I despise phones in general and cell phones in particular. But for this trip, it seemed important to have one to be able to call ahead to arrange lodging as I traveled. So I set up a one-month prepaid plan with T-Mobile, to renew at the end of the month. This was actually a huge mistake, as I quickly learned that T-Mobile’s coverage outside metro areas is very sparse. (Data especially, but even call service was often light to non-existent.) In the west I was told by various people that Verizon or AT&T would work well in different places, and in the east apparently both worked equally well. It happens that T-Mobile’s being primarily an urban network is common knowledge to anyone in Silicon Valley with a cell phone. But that doesn’t include me, so I got to learn something. 🙂

As my data plan frequently didn’t work, or worked poorly, I used numerous apps with little data access. I was surprised how poorly many apps worked. Navigating through screens that downloaded data often didn’t cache that data: going forward and backward might require reloading just-viewed data. Goodreads was the biggest offender in this regard. Mobile developers: offline performance matters! Don’t sell it short just because you live in a San Francisco world of ubiquitous, high-quality, high-speed data. Vast swaths of the country are entirely unlike San Francisco in this regard.

Next time, health.

10.02.09

A helpful cycling tip

Tags: , , — Jeff @ 01:16

Suppose your bike experiences one flat tire, which you fix.

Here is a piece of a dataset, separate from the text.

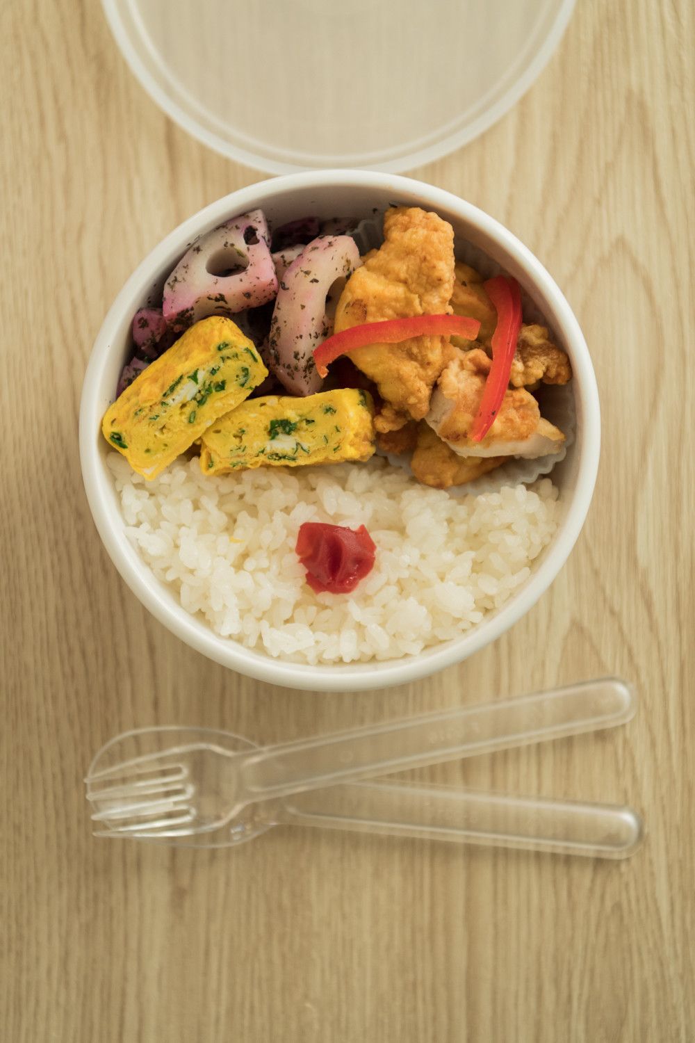 から揚げや天ぷらなどの揚げものは、酸味のあるタレに漬けておくと冷めてもおいしい! 写真は夕飯の鶏天をぽん酢に漬けておいたもの。翌朝はそのまま詰めればOKです。野菜も保存ついでに夜に漬けておくと、味がしみていて◎。こちらも詰めるだけでよいからラクなんです。
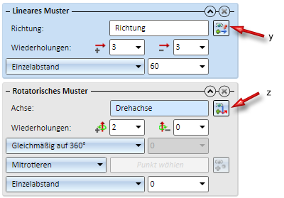 Mit dieser Funktion werden die Wiederholungen durch Angabe eines Richtungsvektors erzeugt.

Now suppose a couple weeks later it experiences a second flat tire, which you fix.

Further suppose that you begin to wonder about the structural integrity of your bike tires; they’ve now gone flat twice in a short span of time, and at a closer glance the casing in the tires is starting to show through the rubber. It’s conceivable they need to be replaced, as you’ve put at least a few thousand miles on them and have used them since 2003.

In hypothetical response to this you ask someone knowledgeable how long bike tires last and how one would recognize when they need replacement. In response you are told that bike tires are suspect after five years (due to breakdown of the rubber) and should be replaced when the underlayer shows through.

You now have two entirely hypothetical options. First, you can replace the tires now. Second, you can continue using the ones you have until you can get to a cycling store “eventually” to buy new ones, but as it turns out you won’t make it to the store before your tire fails you a third time and you have to fix yet another flat (and actually a fourth as well, when you find your rear tire flat when you try to get to REI the next morning to buy a new pair of tires).

Two bike tire inner tubes waiting to be patched; the third had multiple holes, so it got thrown away
Two decrepit bike tire inner tubes waiting to be patched; the third had multiple holes, so it got thrown away

Now for the helpful cycling tip: replace old tires promptly and don’t wait for third flats.